▶ [WHAT THE TASK ASKS]
Retype each line of the material below word for word; pictures stay out.

▶ [THE DATA]

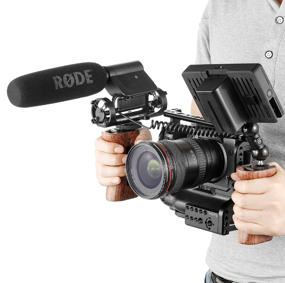 那大家在使用这些指向性话筒的时候,是怎么样把话筒加在单反微单上的呢?相信有了解过相机兔笼的人都知道,相机兔笼有一个很大的作用就是外接配件,像麦克风,监视器,闪光灯等这些配件都能很好地外接到单反和微单上,下图为参考图,大家可以参考一下。
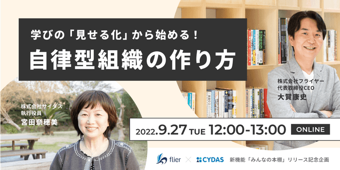 2022年9月27日(火)、株式会社サイダスと株式会社フライヤーは、ウェブセミナー「学びの『見せる化』から始める!自律型組織の作り方」を共同で開催します。
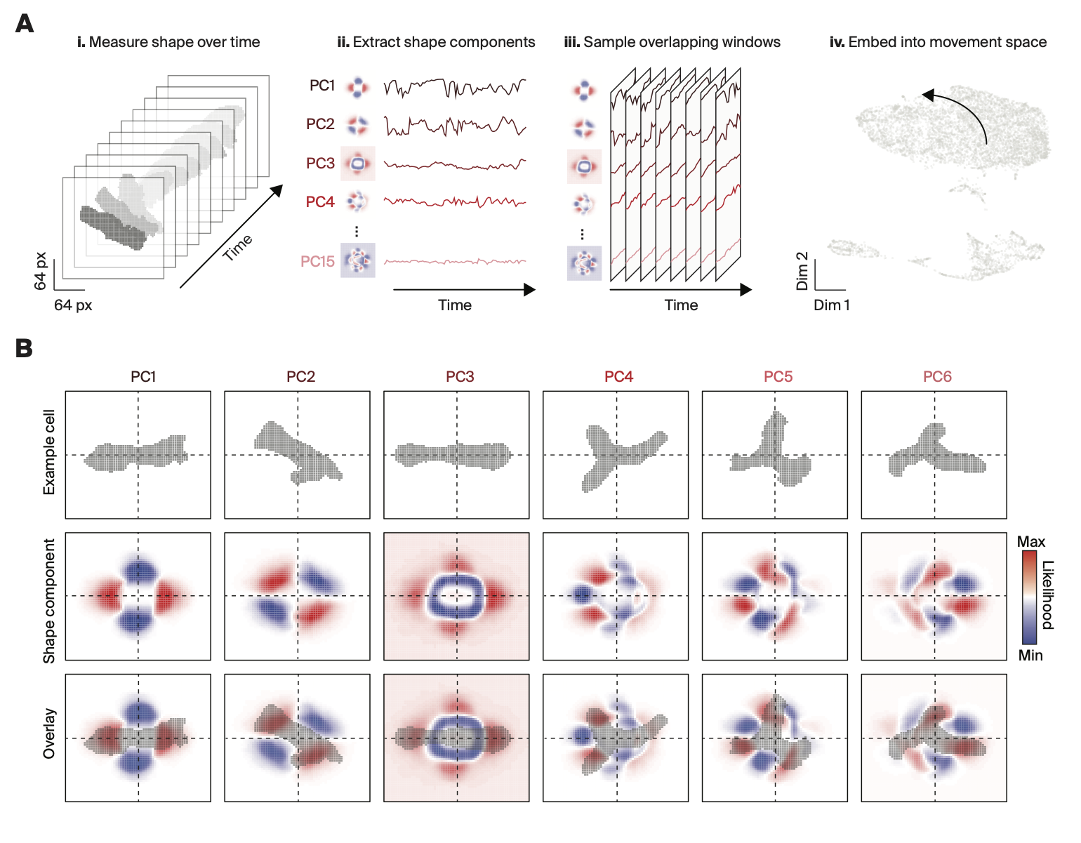 (Aii) Example shape components for a single cell and their values over time. Each component (PC1…15) is shown with its associated 2D eigenvector (blue = negative values; red = positive values).

▶ [COMPLETED EXERCISE]
 那大家在使用这些指向性话筒的时候,是怎么样把话筒加在单反微单上的呢?相信有了解过相机兔笼的人都知道,相机兔笼有一个很大的作用就是外接配件,像麦克风,监视器,闪光灯等这些配件都能很好地外接到单反和微单上,下图为参考图,大家可以参考一下。
 2022年9月27日(火)、株式会社サイダスと株式会社フライヤーは、ウェブセミナー「学びの『見せる化』から始める!自律型組織の作り方」を共同で開催します。
 (Aii) Example shape components for a single cell and their values over time. Each component (PC1…15) is shown with its associated 2D eigenvector (blue = negative values; red = positive values).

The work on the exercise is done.